Nino Rota (1911–1979)
Concerto per archi (1964–65) Nino Rota? What’s Rota doing here, in a concert of classical works for string orchestra? Didn’t he just write music for films? Lots of films? Yes, it is true, he did compose many, many film scores, over 150 in fact. But it is also true that Rota, who was born in Milan in 1911 into a musical family, was a classically trained musician, and an impressively prolific composer of orchestral works, concertos, operas, ballets, choral works both sacred and
secular, chamber and solo pieces and more. For a long time he has been chiefly known for his film scores, including for Zeffirelli’s Romeo and Juliet (1968), The Godfather I and II (1972, 1974) as well as for a host of movies by Italian avant-garde directors Fellini and Visconti and others for whom he was the go-to composer.
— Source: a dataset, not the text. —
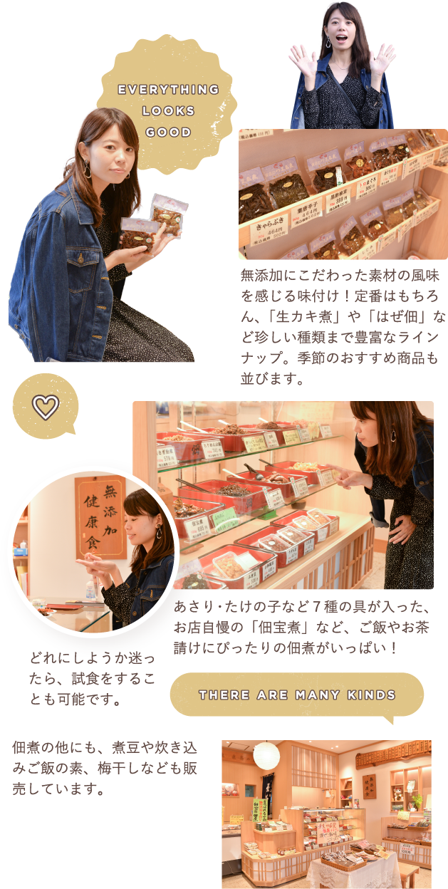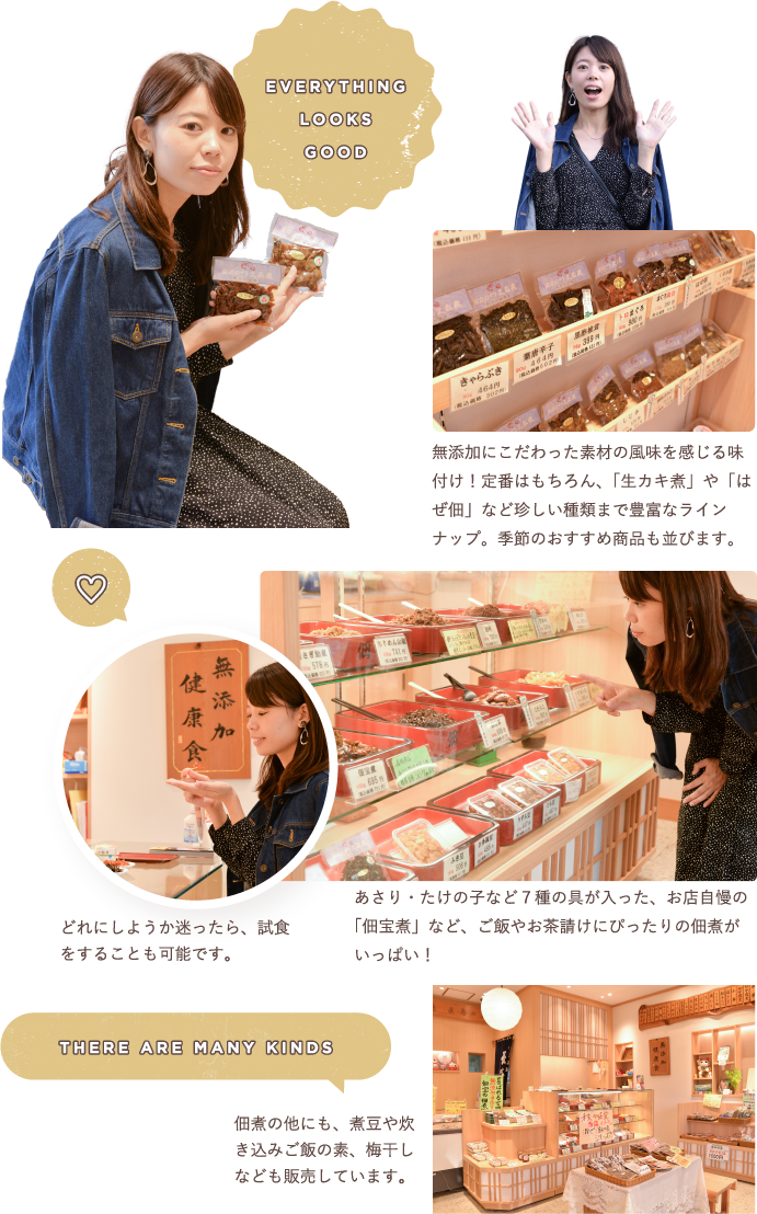 一つ一つの素材に合わせて味付けを調整して作る伝統の佃煮は、素材の風味が活きたこだわりの品々。創業当時の製法を守り継ぎ、添加物を一切使用せず、手作りの身体に優しい佃煮を追求しています。また、佃煮では初めて、東京都地域特産品認証食品(商品に込めた思いやこだわり、味や品質等を都が認証した食品)に認められ、東京を代表するお土産としても知られています。一番人気の定番「生あみ」や「田作り」「赤えび」「三色こぶ」など種類も豊富。旬の新商品や豊洲市場から届く野菜も店頭販売しており、近隣住民からも人気のお店です。

Yet his film music forms only a small portion of his total output.
Fortunately, in recent years, something of a Rota “renaissance” has emerged that has helped reveal his position in the development of 20th Century Italian music more accurately and has opened up performance of his concert music more frequently. His Concerto per archi on today’s programme is one of his non-cinematic works that has become more often played.It is a “concerto” not in the Romantic period sense of a soloist in three movements of musical competition with an orchestra, but in the Baroque sense of groups of instruments contrasted with each other in a multi movement work. This concerto is in four quite short movements: Prelude (Allegro ben moderato e cantabile), Scherzo (Allegretto comodo), Air (Andante quasi adagio), and Finale (Allegrissimo), with the feel of dance suites of the Baroque period and even occasional musical echoes from that era. The Prelude opens with a wistful melody in a swaying rhythm that almost evokes a feeling of uneasiness. This is interrupted by a contrasting section
that is more direct and energetic, and that may remind us a of Bartok. The opening section returns to conclude the Prelude. The Scherzo likewise has two contrasting elements both of them dance-like in different ways. Part of the Scherzo’s delight is the ingenuity we are aware of as Rota playfully combines different dance rhythms (3 beats with 2) in an unsettling way. The Aria movement begins quiet and thoughtful but gradually increases in emotion and tension before returning to calmer feelings toward the close. Early on, we can hear a descending figure in the bass that recalls Bach’s “Air” from his Orchestral Suite No.3. It is a tribute from one composer to another of course, but more than that it is a musical reminder that helps define how far removed the emotion and tension expressed in Rota’s Air is from the serenity of the Baroque master. Then the Finale—designated Allegrissimo the term should prepare us for the wonderfully playful and unbridled spirit with which Rota concludes his concerto.